#### [Task objective]
Return each line of the listing exactly, though without its images.

----- Source material -----

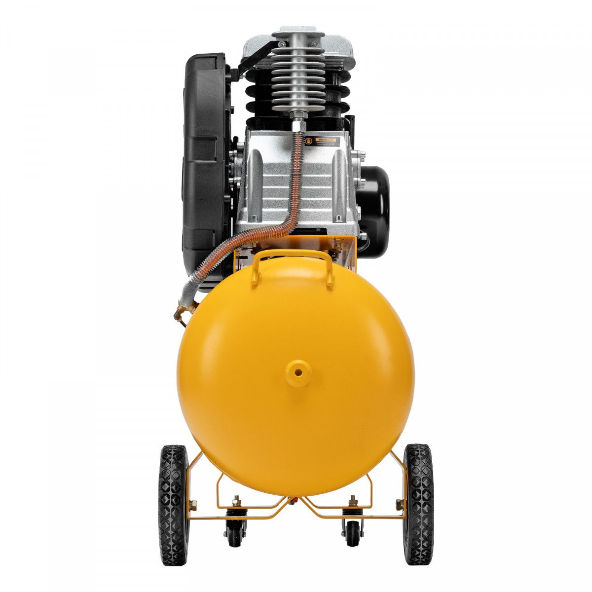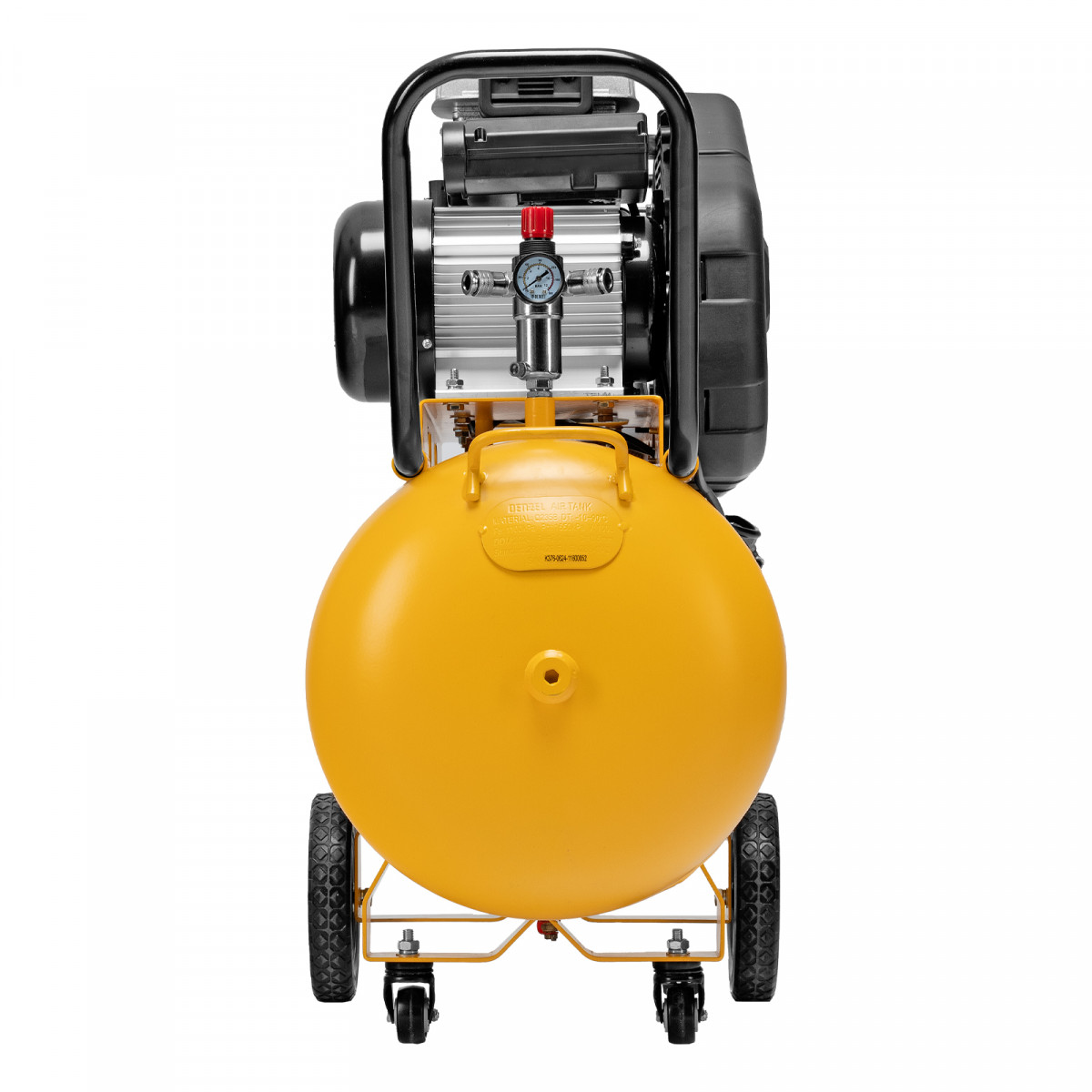 - Удобная транспортировка — на компрессоре установлены колеса, в т. ч. поворотные, и П-образная рукоятка.
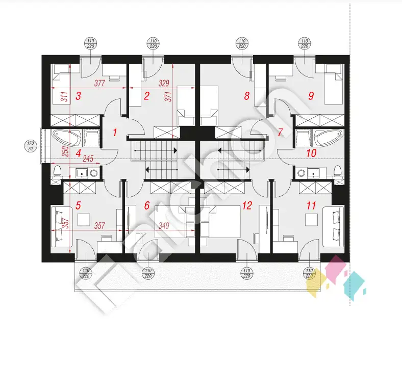 - 4 oddzielne sypialnie (10,66 m², 11,46 m², 11,72 m², 12,10 m²)
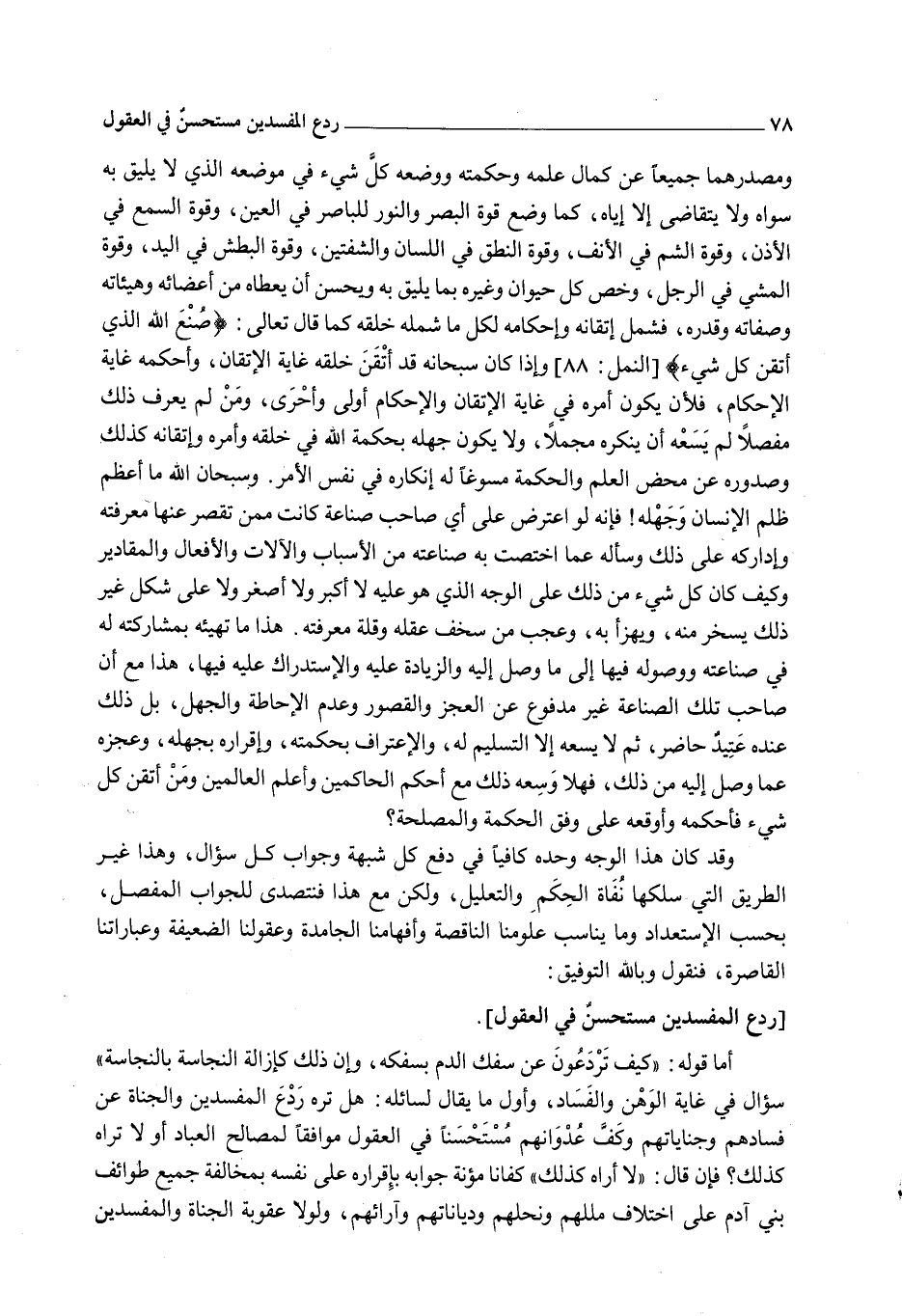 هَذَا مَا تَهَيَّأَهُ بِمُشَارَكَتِهِ لَهُ فِي صِنَاعَتِهِ وَوُصُولِهِ فِيهَا إلَى مَا وَصَلَ إلَيْهِ وَالزِّيَادَةِ عَلَيْهِ وَالِاسْتِدْرَاكِ عَلَيْهِ فِيهَا، هَذَا مَعَ أَنَّ صَاحِبَ تِلْكَ الصِّنَاعَةِ غَيْرُ مَدْفُوعٍ عَنْ الْعَجْزِ وَالْقُصُورِ وَعَدَمِ الْإِحَاطَةِ وَالْجَهْلِ، بَلْ ذَلِكَ عِنْدَهُ عَتِيدٌ حَاضِرٌ، ثُمَّ لَا يَسَعُهُ إلَّا التَّسْلِيمُ لَهُ، وَالِاعْتِرَافُ بِحِكْمَتِهِ، وَقَرَارُهُ بِجَهْلِهِ، وَعَجْزُهُ عَمَّا وَصَلَ إلَيْهِ مِنْ ذَلِكَ، فَهَلَّا وَسِعَهُ ذَلِكَ مَعَ أَحْكَمِ الْحَاكِمِينَ وَأَعْلَمِ الْعَالِمِينَ وَمَنْ أَتْقَنَ كُلَّ شَيْءٍ فَأَحْكَمَهُ وَأَوْقَعَهُ عَلَى وَفْقِ الْحِكْمَةِ وَالْمَصْلَحَةِ؟ وَقَدْ كَانَ هَذَا الْوَجْهُ وَحْدَهُ كَافِيًا فِي دَفْعِ كُلِّ شُبْهَةٍ وَجَوَابِ كُلِّ سُؤَالٍ، وَهَذَا غَيْرُ الطَّرِيقِ الَّتِي سَلَكَهَا نُفَاةُ الْحُكْمِ وَالتَّعْلِيلِ، وَلَكِنْ مَعَ هَذَا فَنَتَصَدَّى لِلْجَوَابِ الْمُفَصَّلِ، بِحَسَبِ الِاسْتِعْدَادِ وَمَا يُنَاسِبُ عُلُومَنَا النَّاقِصَةَ وَأَفْهَامَنَا الْجَامِدَةَ وَعُقُولَنَا الضَّعِيفَةَ وَعِبَارَاتِنَا الْقَاصِرَةَ، فَنَقُولُ وَبِاَللَّهِ التَّوْفِيقُ: [رَدْعُ الْمُفْسِدِينَ مُسْتَحْسَنٌ فِي الْعُقُولِ]

-----

#### [Answer for this exercise]
 - Удобная транспортировка — на компрессоре установлены колеса, в т. ч. поворотные, и П-образная рукоятка.
 - 4 oddzielne sypialnie (10,66 m², 11,46 m², 11,72 m², 12,10 m²)
 هَذَا مَا تَهَيَّأَهُ بِمُشَارَكَتِهِ لَهُ فِي صِنَاعَتِهِ وَوُصُولِهِ فِيهَا إلَى مَا وَصَلَ إلَيْهِ وَالزِّيَادَةِ عَلَيْهِ وَالِاسْتِدْرَاكِ عَلَيْهِ فِيهَا، هَذَا مَعَ أَنَّ صَاحِبَ تِلْكَ الصِّنَاعَةِ غَيْرُ مَدْفُوعٍ عَنْ الْعَجْزِ وَالْقُصُورِ وَعَدَمِ الْإِحَاطَةِ وَالْجَهْلِ، بَلْ ذَلِكَ عِنْدَهُ عَتِيدٌ حَاضِرٌ، ثُمَّ لَا يَسَعُهُ إلَّا التَّسْلِيمُ لَهُ، وَالِاعْتِرَافُ بِحِكْمَتِهِ، وَقَرَارُهُ بِجَهْلِهِ، وَعَجْزُهُ عَمَّا وَصَلَ إلَيْهِ مِنْ ذَلِكَ، فَهَلَّا وَسِعَهُ ذَلِكَ مَعَ أَحْكَمِ الْحَاكِمِينَ وَأَعْلَمِ الْعَالِمِينَ وَمَنْ أَتْقَنَ كُلَّ شَيْءٍ فَأَحْكَمَهُ وَأَوْقَعَهُ عَلَى وَفْقِ الْحِكْمَةِ وَالْمَصْلَحَةِ؟ وَقَدْ كَانَ هَذَا الْوَجْهُ وَحْدَهُ كَافِيًا فِي دَفْعِ كُلِّ شُبْهَةٍ وَجَوَابِ كُلِّ سُؤَالٍ، وَهَذَا غَيْرُ الطَّرِيقِ الَّتِي سَلَكَهَا نُفَاةُ الْحُكْمِ وَالتَّعْلِيلِ، وَلَكِنْ مَعَ هَذَا فَنَتَصَدَّى لِلْجَوَابِ الْمُفَصَّلِ، بِحَسَبِ الِاسْتِعْدَادِ وَمَا يُنَاسِبُ عُلُومَنَا النَّاقِصَةَ وَأَفْهَامَنَا الْجَامِدَةَ وَعُقُولَنَا الضَّعِيفَةَ وَعِبَارَاتِنَا الْقَاصِرَةَ، فَنَقُولُ وَبِاَللَّهِ التَّوْفِيقُ: [رَدْعُ الْمُفْسِدِينَ مُسْتَحْسَنٌ فِي الْعُقُولِ]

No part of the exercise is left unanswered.